## SUPPLIED MATERIAL
● ● ● ● ● ● ●

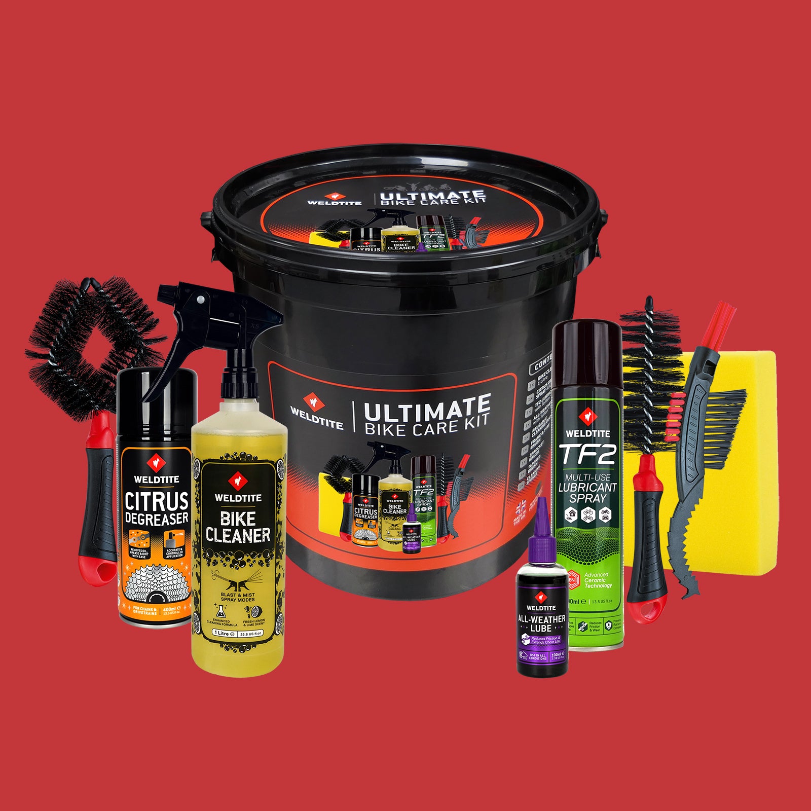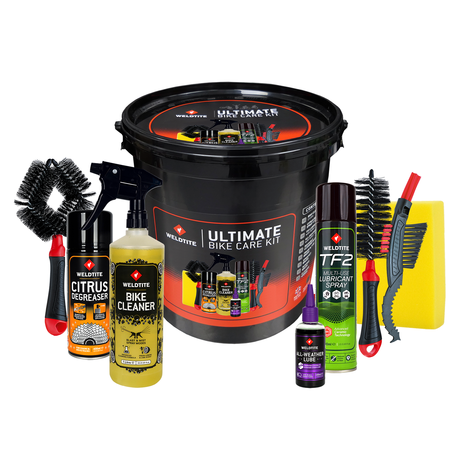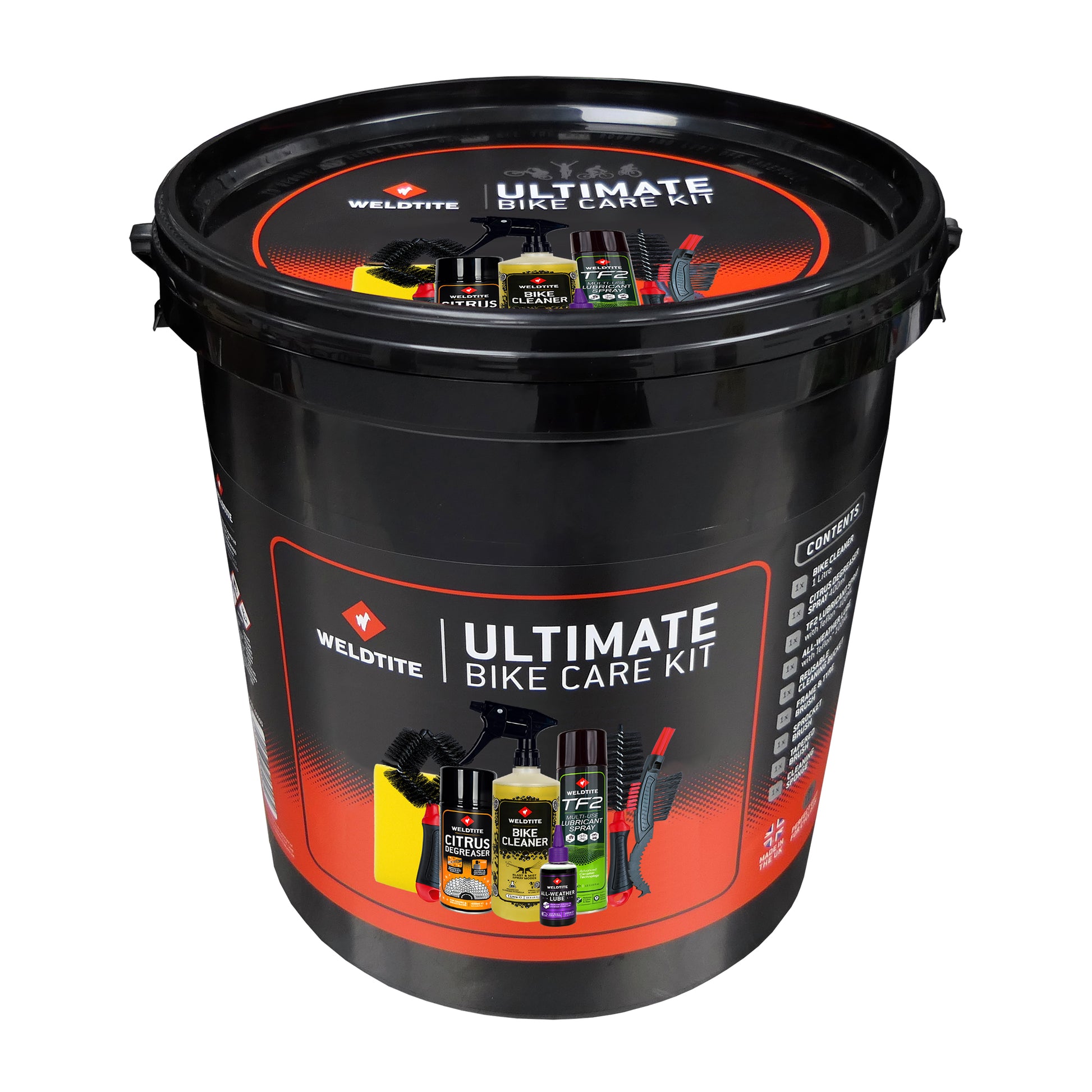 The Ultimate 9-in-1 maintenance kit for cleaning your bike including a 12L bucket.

● ● ● ● ● ● ●

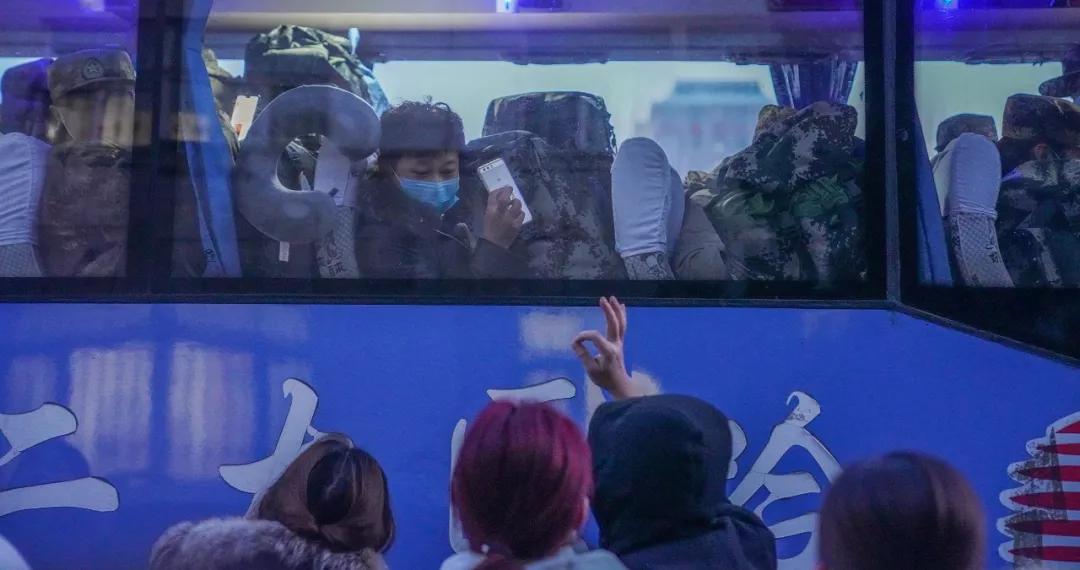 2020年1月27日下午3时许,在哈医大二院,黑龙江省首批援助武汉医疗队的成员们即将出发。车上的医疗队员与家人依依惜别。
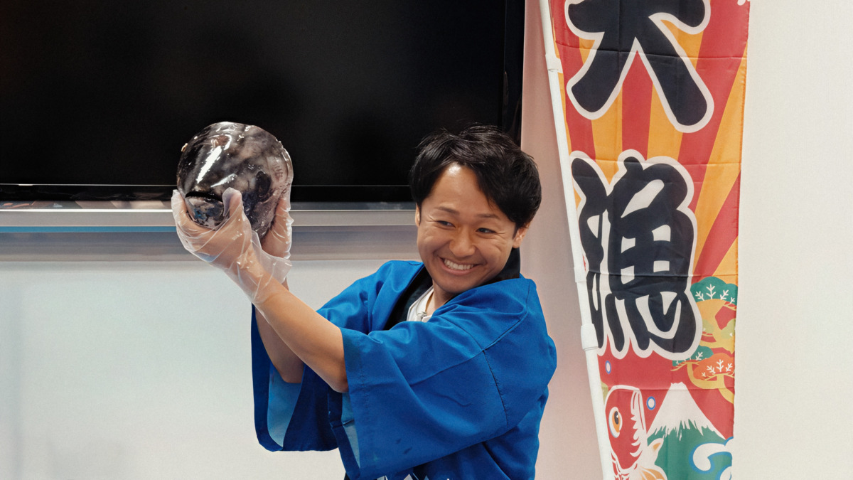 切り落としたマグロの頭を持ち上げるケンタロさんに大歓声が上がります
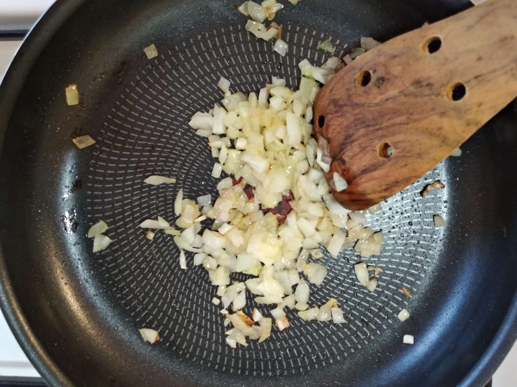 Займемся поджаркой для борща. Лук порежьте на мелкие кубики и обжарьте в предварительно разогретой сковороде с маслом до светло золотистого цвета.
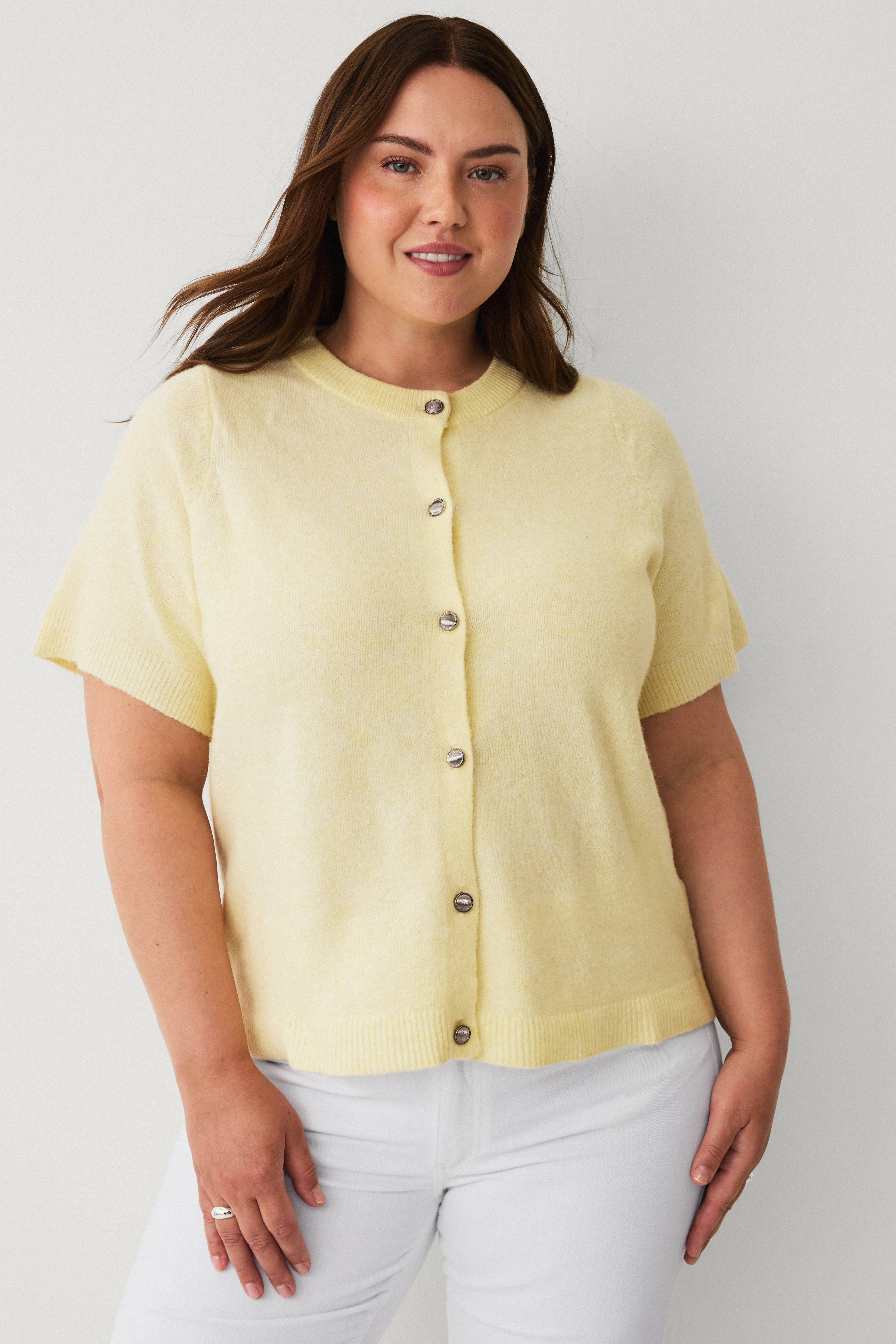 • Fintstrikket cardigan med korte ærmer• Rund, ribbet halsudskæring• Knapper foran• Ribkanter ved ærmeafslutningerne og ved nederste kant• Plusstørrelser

● ● ● ● ● ● ●

Using the records above, return word for word the lines that begin at the one containing "Займемся поджаркой для" and end at the one containing "nederste kant• Plusstørrelser", both of them included and no pictures.

## WRITTEN RESPONSE
 Займемся поджаркой для борща. Лук порежьте на мелкие кубики и обжарьте в предварительно разогретой сковороде с маслом до светло золотистого цвета.
 • Fintstrikket cardigan med korte ærmer• Rund, ribbet halsudskæring• Knapper foran• Ribkanter ved ærmeafslutningerne og ved nederste kant• Plusstørrelser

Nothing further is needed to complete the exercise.